Source records
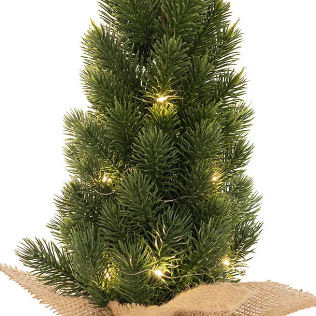 This tree is finished with a rustic hessian pot cover. It requires 2 x AA batteries, which are not included. This tree measures 46cm tall and is sold individually.
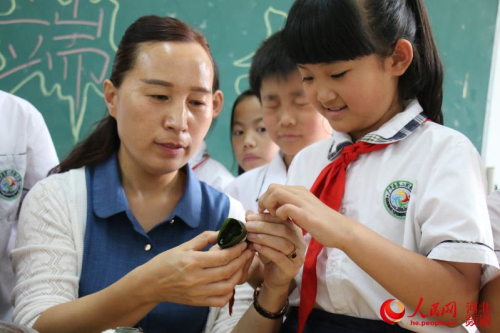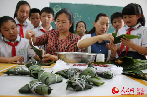 圖為6月4日河北省邯鄲市廣平縣第二實(shí)驗(yàn)小學(xué)學(xué)生在老師的幫助下學(xué)習(xí)包粽子。
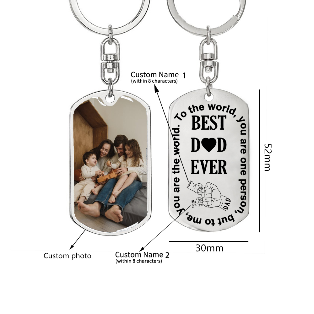 Best Dad Ever Keychain Custom Photo and 2 Names Family Keychain
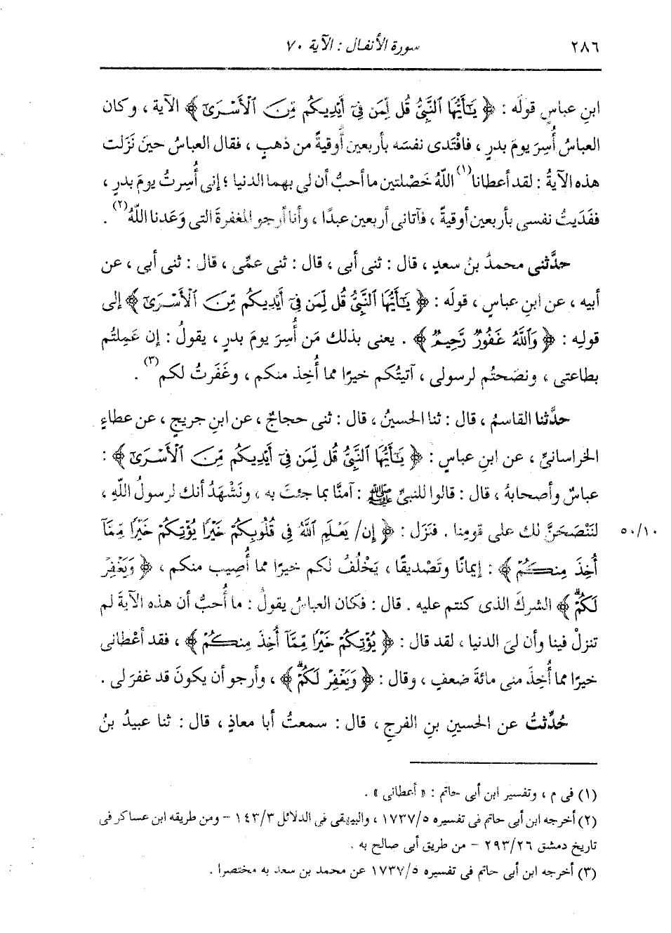 حَدَّثَنِي مُحَمَّدُ بْنُ سَعْدٍ، قَالَ: ثني أَبِي، قَالَ: ثني عَمِّي، قَالَ: ثني أَبِي، عَنْ أَبِيهِ، عَنِ ابْنِ عَبَّاسٍ، قَوْلُهُ: " {§يَا أَيُّهَا النَّبِيُّ قُلْ لِمَنْ فِي أَيْدِيكُمْ مِنَ الْأَسْرَى} [الأنفال: 70] إِلَى قَوْلِهِ: {وَاللَّهُ غَفُورٌ رَحِيمٌ} [البقرة: 218] يَعْنِي بِذَلِكَ مَنْ أُسِرَ يَوْمَ بَدْرٍ، يَقُولُ: إِنْ عَمِلْتُمْ بِطَاعَتِي وَنَصَحْتُمْ لِرَسُولِي، أَتَيْتُكُمْ خَيْرًا مِمَّا أُخِذَ مِنْكُمْ وَغَفَرْتُ لَكُمْ "
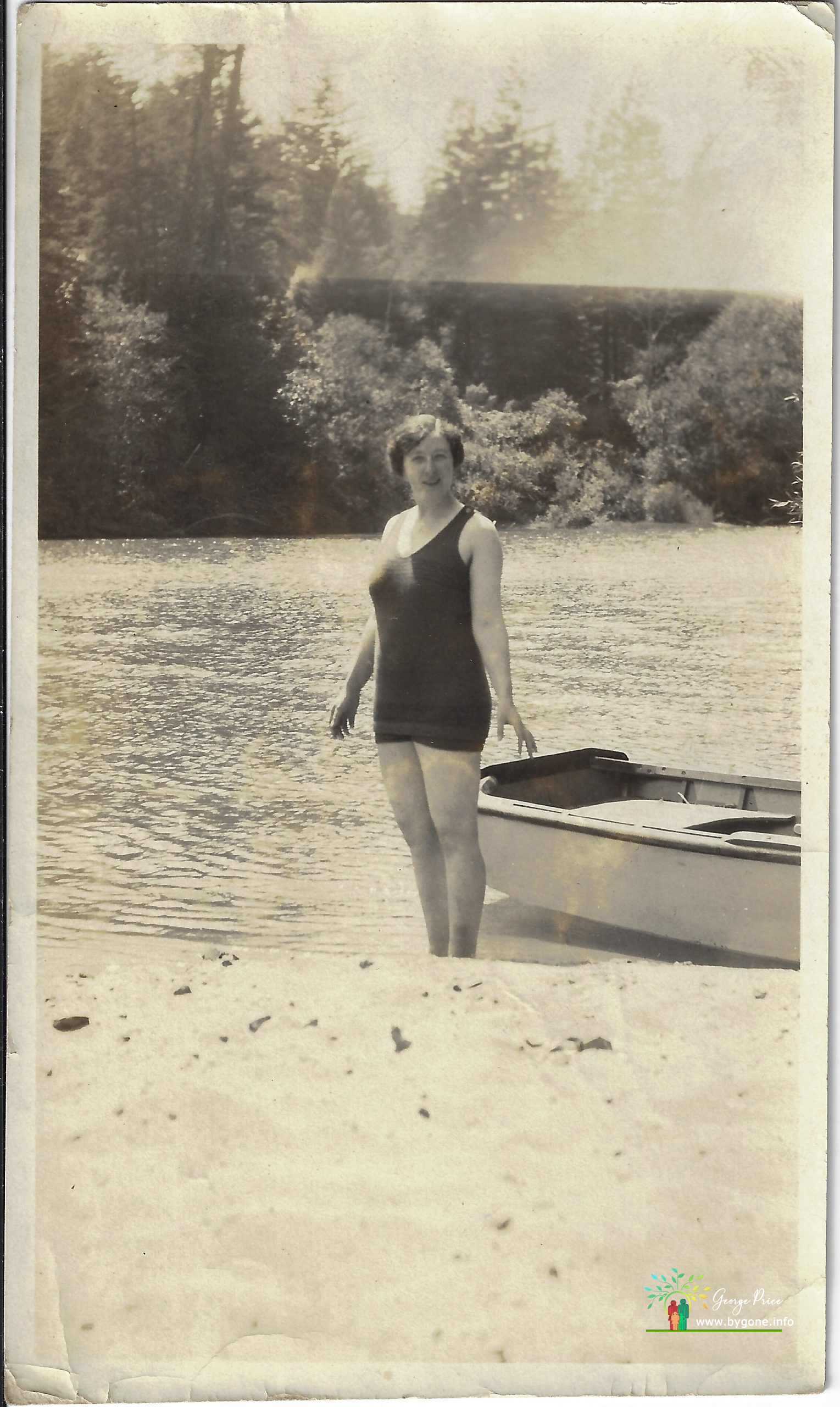 Written on back: “This was taken in June when I spent a week here. THis is a private beach belonging to Mr McNear. I can walk out of the house and into the water, and back with nobidy seeing me.”
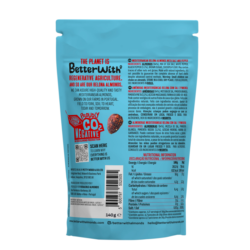 Ingredient Declaration | Almonds (94%), white pepper and black pepper, sea salt (3,1%), brown sugar (2,8%), chickpea flour (0,1%) |
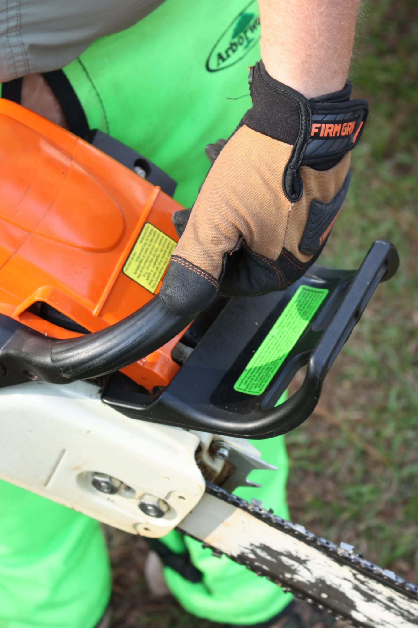 Always keep two hands on the saw when it is in operation. This position maximizes control of the saw and reduces chances of rotational kickback. Nearly half of all injuries occur on the left hand by operators holding a branch while cutting with the other hand. Fifty percent of injuries are preventable by always keeping two hands on the saw.
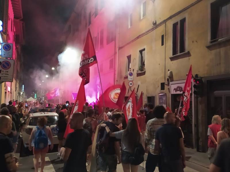 È il grido di battaglia lanciato dai circa duecento di giovani che hanno partecipato ieri sera al corteo organizzato da numerose sigle appartenenti all’area di sinistra – Firenze Antifascista, CPA Fi sud, Krisis, Collettivo Politico di Scienze Politiche, Cantiere Sociale Camilo Cienfuegos, CSA nEXt Emerson, Rifondazione Comunista Firenze, Sinistra Progetto Comune, Partito Comunista sez. Firenze, Rete Antirazzista, Firenze Città Aperta, Occupazione Via del Leone e Partito dei Carc – e che ha sfilato per le vie fiorentine tra piazza Santo Spirito, piazza del Carmine, e piazza Tasso.
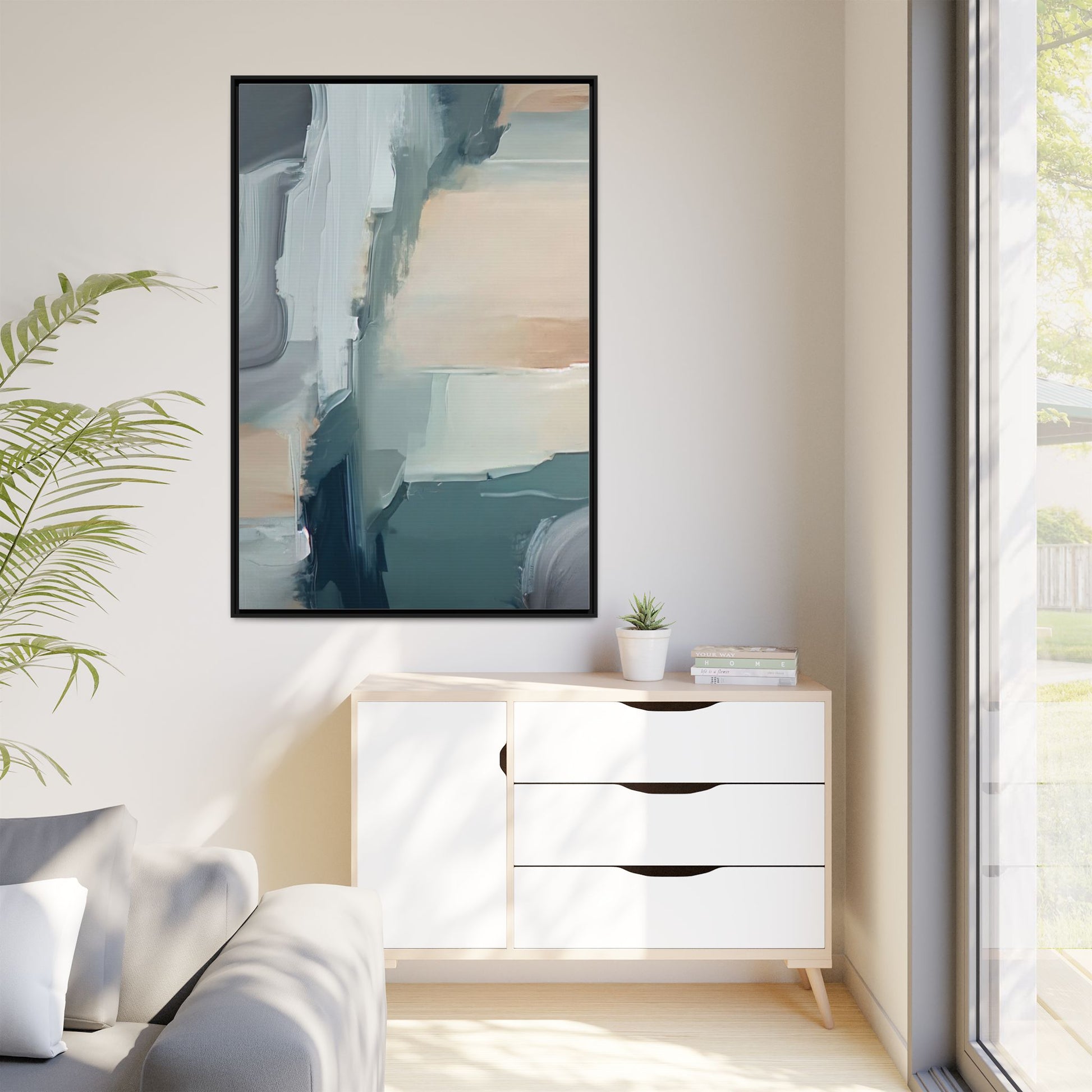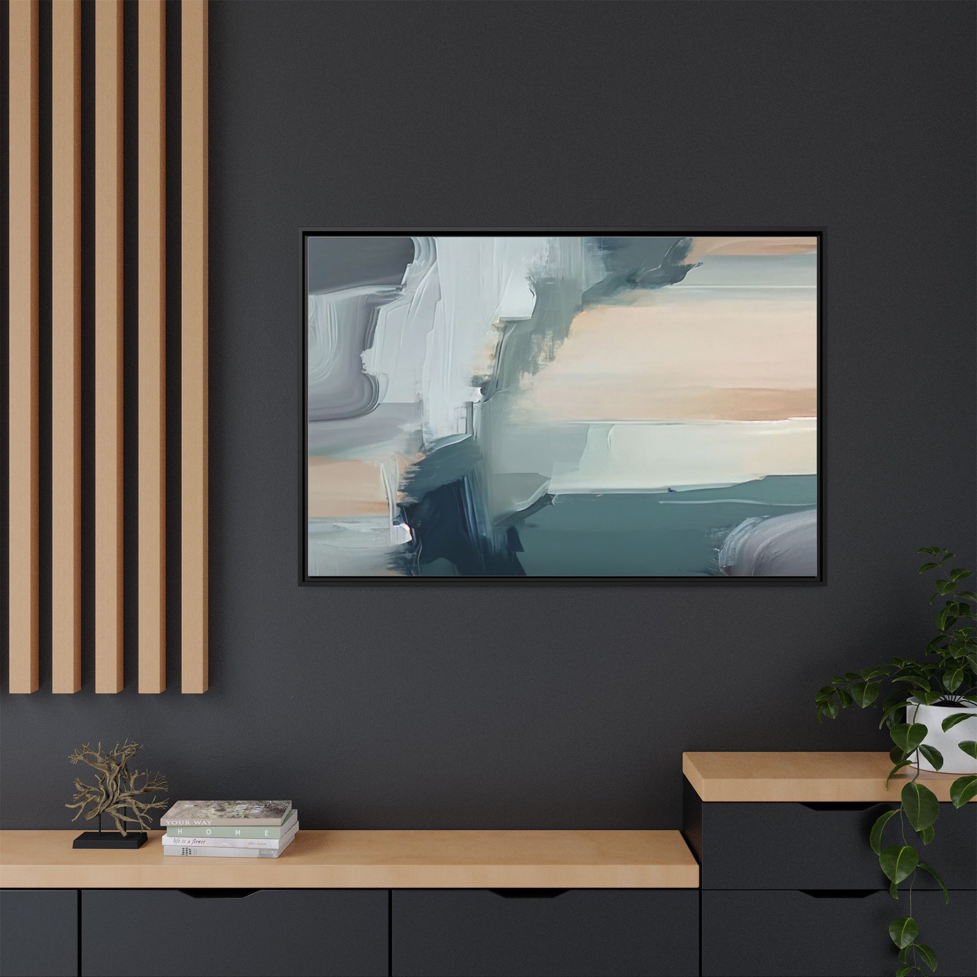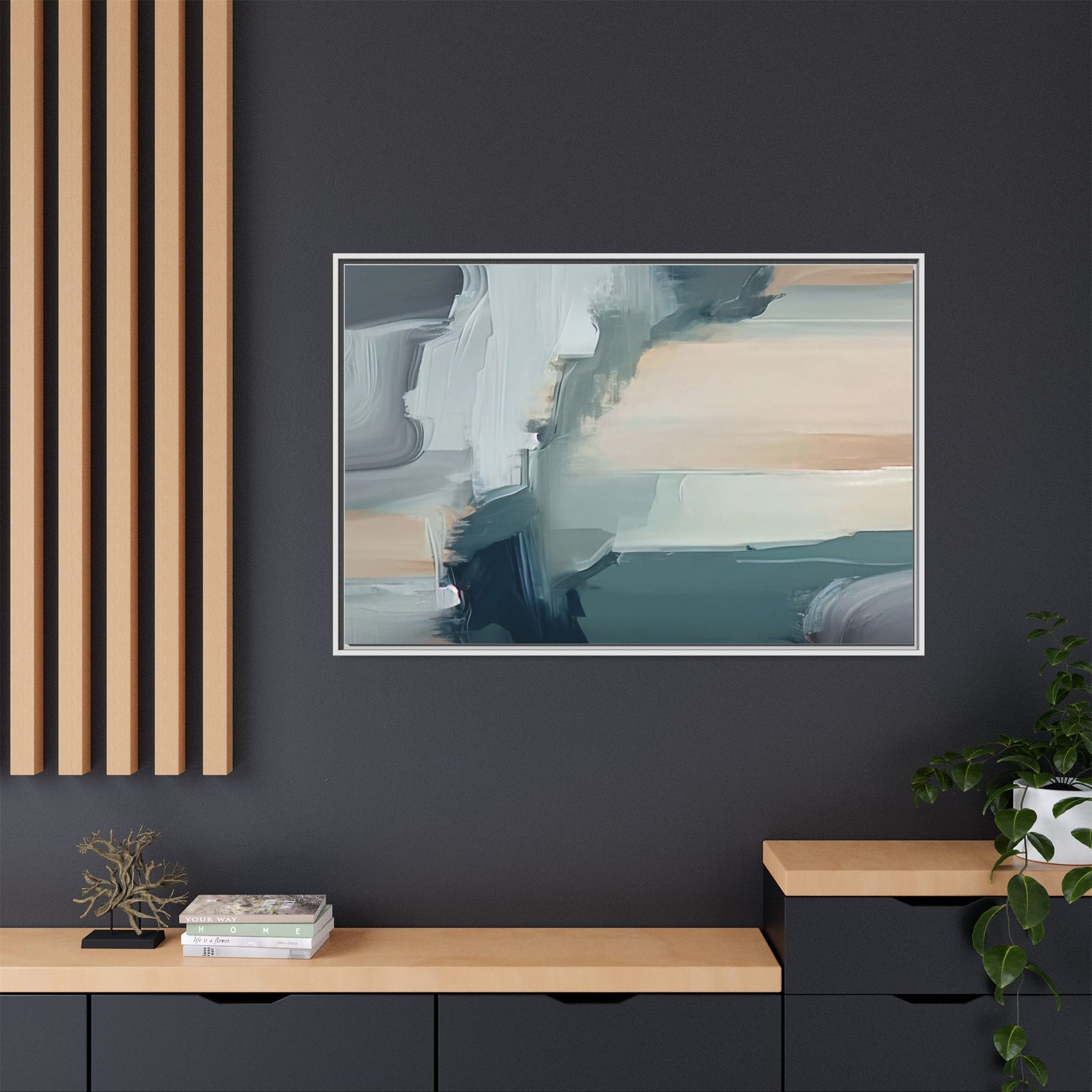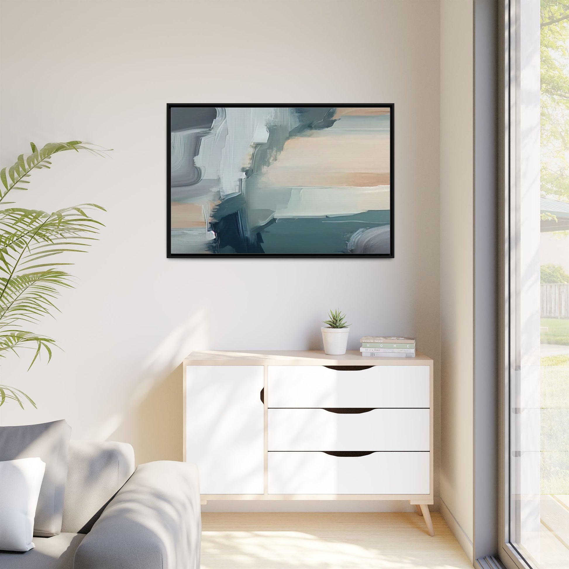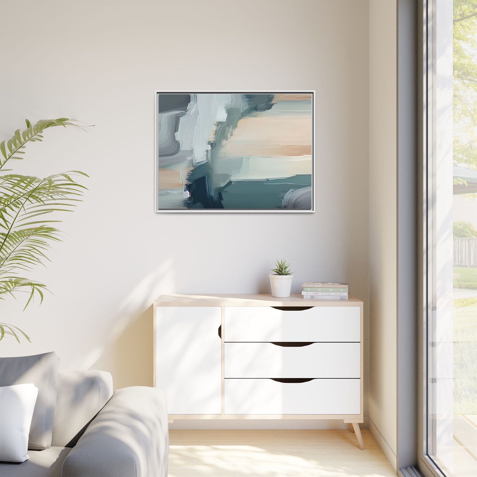 This captivating abstract artwork features a dynamic composition of blended blues, whites, and soft peach tones, creating a fluid and ethereal landscape-like scene. The painting employs a technique of sweeping, layered brushstrokes that seem to blur and merge, generating a sense of movement and depth across the canvas. Soft, almost translucent edges create a dreamy, atmospheric quality, with darker teal and slate blue hues contrasting against lighter, more delicate white and cream sections. The image evokes a sense of a distant horizon or a fragmented seascape, with organic shapes that suggest geological formations or abstract cloud-like structures. The brushwork appears both intentional and spontaneous, giving the artwork a sense of emotional depth and visual complexity.
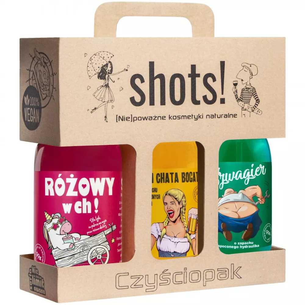Odkryj niezwykłe doznania zapachowe z zestawem LaQ, Shots! Czyściopak do chaty, który zawiera trzy wyjątkowe żele pod prysznic. Każdy z nich to nie tylko wspaniały zapach, ale także skuteczna pielęgnacja skóry. To doskonały wybór na prezent lub jako uzupełnienie Twojej codziennej pielęgnacji.
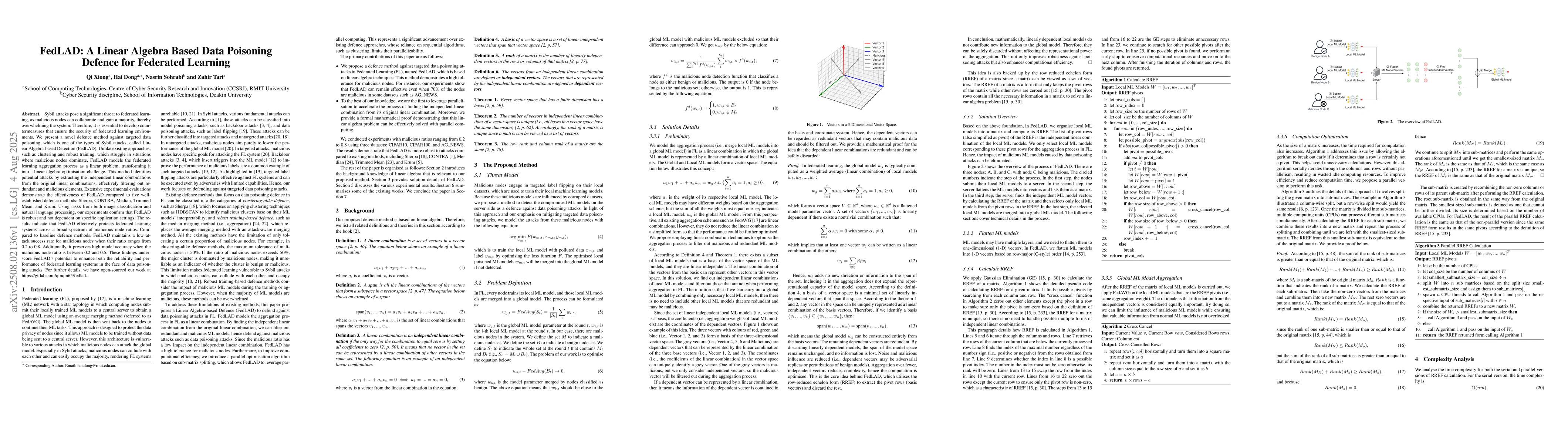 Sybil attacks pose a significant threat to federated learning, as malicious nodes can collaborate and gain a majority, thereby overwhelming the system. Therefore, it is essential to develop countermeasures that ensure the security of federated learning environments. We present a novel defence method against targeted data poisoning, which is one of the types of Sybil attacks, called Linear Algebra-based Detection (FedLAD). Unlike existing approaches, such as clustering and robust training, which struggle in situations where malicious nodes dominate, FedLAD models the federated learning aggregation process as a linear problem, transforming it into a linear algebra optimisation challenge. This method identifies potential attacks by extracting the independent linear combinations from the original linear combinations, effectively filtering out redundant and malicious elements. Extensive experimental evaluations demonstrate the effectiveness of FedLAD compared to five well-established defence methods: Sherpa, CONTRA, Median, Trimmed Mean, and Krum. Using tasks from both image classification and natural language processing, our experiments confirm that FedLAD is robust and not dependent on specific application settings. The results indicate that FedLAD effectively protects federated learning systems across a broad spectrum of malicious node ratios. Compared to baseline defence methods, FedLAD maintains a low attack success rate for malicious nodes when their ratio ranges from 0.2 to 0.8. Additionally, it preserves high model accuracy when the malicious node ratio is between 0.2 and 0.5. These findings underscore FedLAD's potential to enhance both the reliability and performance of federated learning systems in the face of data poisoning attacks.

__YOUR INSTRUCTIONS__. Return every record exactly, minus the pictures.

__TASK SOLUTION__.
 This tree is finished with a rustic hessian pot cover. It requires 2 x AA batteries, which are not included. This tree measures 46cm tall and is sold individually.
 圖為6月4日河北省邯鄲市廣平縣第二實(shí)驗(yàn)小學(xué)學(xué)生在老師的幫助下學(xué)習(xí)包粽子。
 Best Dad Ever Keychain Custom Photo and 2 Names Family Keychain
 حَدَّثَنِي مُحَمَّدُ بْنُ سَعْدٍ، قَالَ: ثني أَبِي، قَالَ: ثني عَمِّي، قَالَ: ثني أَبِي، عَنْ أَبِيهِ، عَنِ ابْنِ عَبَّاسٍ، قَوْلُهُ: " {§يَا أَيُّهَا النَّبِيُّ قُلْ لِمَنْ فِي أَيْدِيكُمْ مِنَ الْأَسْرَى} [الأنفال: 70] إِلَى قَوْلِهِ: {وَاللَّهُ غَفُورٌ رَحِيمٌ} [البقرة: 218] يَعْنِي بِذَلِكَ مَنْ أُسِرَ يَوْمَ بَدْرٍ، يَقُولُ: إِنْ عَمِلْتُمْ بِطَاعَتِي وَنَصَحْتُمْ لِرَسُولِي، أَتَيْتُكُمْ خَيْرًا مِمَّا أُخِذَ مِنْكُمْ وَغَفَرْتُ لَكُمْ "
 Written on back: “This was taken in June when I spent a week here. THis is a private beach belonging to Mr McNear. I can walk out of the house and into the water, and back with nobidy seeing me.”
 Ingredient Declaration | Almonds (94%), white pepper and black pepper, sea salt (3,1%), brown sugar (2,8%), chickpea flour (0,1%) |
 Always keep two hands on the saw when it is in operation. This position maximizes control of the saw and reduces chances of rotational kickback. Nearly half of all injuries occur on the left hand by operators holding a branch while cutting with the other hand. Fifty percent of injuries are preventable by always keeping two hands on the saw.
 È il grido di battaglia lanciato dai circa duecento di giovani che hanno partecipato ieri sera al corteo organizzato da numerose sigle appartenenti all’area di sinistra – Firenze Antifascista, CPA Fi sud, Krisis, Collettivo Politico di Scienze Politiche, Cantiere Sociale Camilo Cienfuegos, CSA nEXt Emerson, Rifondazione Comunista Firenze, Sinistra Progetto Comune, Partito Comunista sez. Firenze, Rete Antirazzista, Firenze Città Aperta, Occupazione Via del Leone e Partito dei Carc – e che ha sfilato per le vie fiorentine tra piazza Santo Spirito, piazza del Carmine, e piazza Tasso.
 This captivating abstract artwork features a dynamic composition of blended blues, whites, and soft peach tones, creating a fluid and ethereal landscape-like scene. The painting employs a technique of sweeping, layered brushstrokes that seem to blur and merge, generating a sense of movement and depth across the canvas. Soft, almost translucent edges create a dreamy, atmospheric quality, with darker teal and slate blue hues contrasting against lighter, more delicate white and cream sections. The image evokes a sense of a distant horizon or a fragmented seascape, with organic shapes that suggest geological formations or abstract cloud-like structures. The brushwork appears both intentional and spontaneous, giving the artwork a sense of emotional depth and visual complexity.
Odkryj niezwykłe doznania zapachowe z zestawem LaQ, Shots! Czyściopak do chaty, który zawiera trzy wyjątkowe żele pod prysznic. Każdy z nich to nie tylko wspaniały zapach, ale także skuteczna pielęgnacja skóry. To doskonały wybór na prezent lub jako uzupełnienie Twojej codziennej pielęgnacji.
 Sybil attacks pose a significant threat to federated learning, as malicious nodes can collaborate and gain a majority, thereby overwhelming the system. Therefore, it is essential to develop countermeasures that ensure the security of federated learning environments. We present a novel defence method against targeted data poisoning, which is one of the types of Sybil attacks, called Linear Algebra-based Detection (FedLAD). Unlike existing approaches, such as clustering and robust training, which struggle in situations where malicious nodes dominate, FedLAD models the federated learning aggregation process as a linear problem, transforming it into a linear algebra optimisation challenge. This method identifies potential attacks by extracting the independent linear combinations from the original linear combinations, effectively filtering out redundant and malicious elements. Extensive experimental evaluations demonstrate the effectiveness of FedLAD compared to five well-established defence methods: Sherpa, CONTRA, Median, Trimmed Mean, and Krum. Using tasks from both image classification and natural language processing, our experiments confirm that FedLAD is robust and not dependent on specific application settings. The results indicate that FedLAD effectively protects federated learning systems across a broad spectrum of malicious node ratios. Compared to baseline defence methods, FedLAD maintains a low attack success rate for malicious nodes when their ratio ranges from 0.2 to 0.8. Additionally, it preserves high model accuracy when the malicious node ratio is between 0.2 and 0.5. These findings underscore FedLAD's potential to enhance both the reliability and performance of federated learning systems in the face of data poisoning attacks.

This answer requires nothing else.